**DATA SHOWN**
◆ ◆ ◆ ◆ ◆

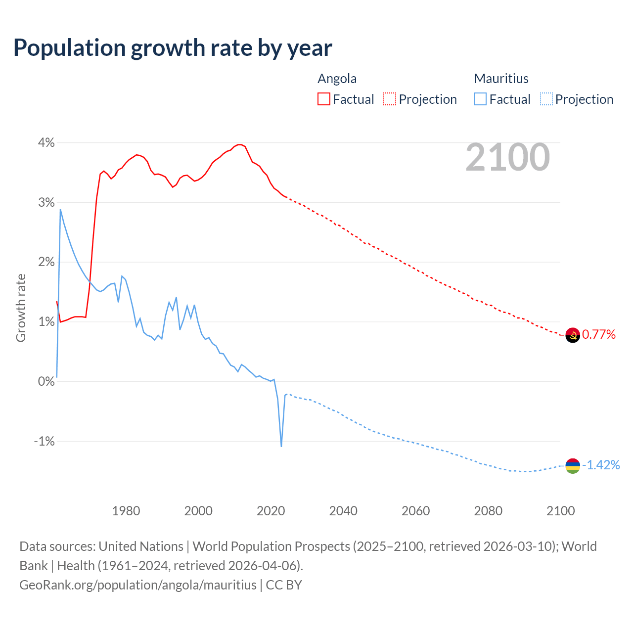 - For the last 10 years, Angola has had an average growth rate of +3.42% per year vs -0.09% in Mauritius.
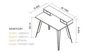 The Newport computer desk comes with 2 compact drawers and sleek wireform legs. Desk space is optimised for the WFH environment, and a light colour palette ensures the Newport will be in perfect harmony with your existing home decor.
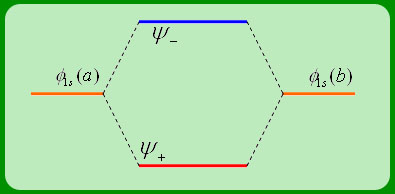 As shown in figure 27.1, the ground state of two hydrogen atomic orbitals split into two energy levels – bonding and anitibonding . |
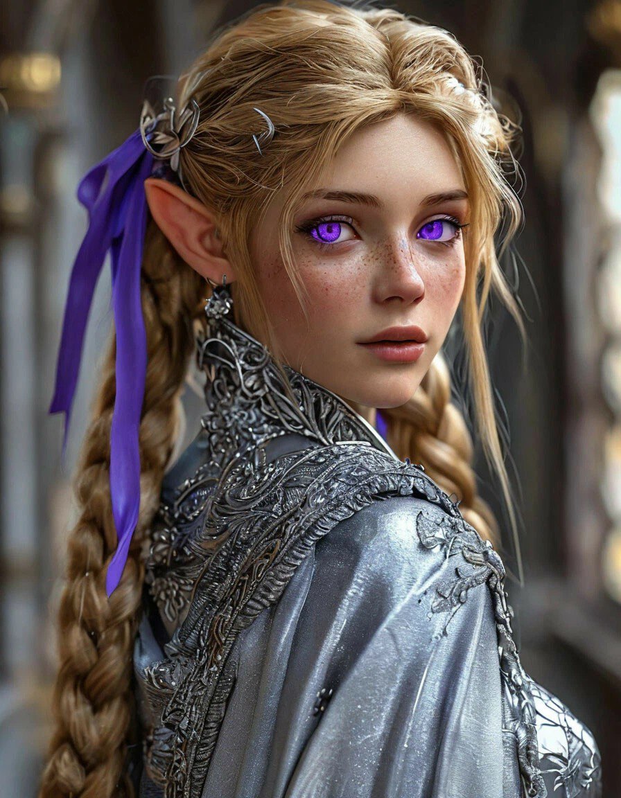 Передо мной стояла высокая эльфийка с золотистыми волосами и завораживающими глазами цвета фиалки. Худющая, в серебристой мантии и фиолетовой лентой в волосах. Её надменность мгновенно растаяла, сменившись любопытством.

◆ ◆ ◆ ◆ ◆

**WHAT THE TASK ASKS**
Everything in the data except the pictures must be transcribed exactly.

**ANSWER SECTION**
 - For the last 10 years, Angola has had an average growth rate of +3.42% per year vs -0.09% in Mauritius.
 The Newport computer desk comes with 2 compact drawers and sleek wireform legs. Desk space is optimised for the WFH environment, and a light colour palette ensures the Newport will be in perfect harmony with your existing home decor.
 As shown in figure 27.1, the ground state of two hydrogen atomic orbitals split into two energy levels – bonding and anitibonding . |
 Передо мной стояла высокая эльфийка с золотистыми волосами и завораживающими глазами цвета фиалки. Худющая, в серебристой мантии и фиолетовой лентой в волосах. Её надменность мгновенно растаяла, сменившись любопытством.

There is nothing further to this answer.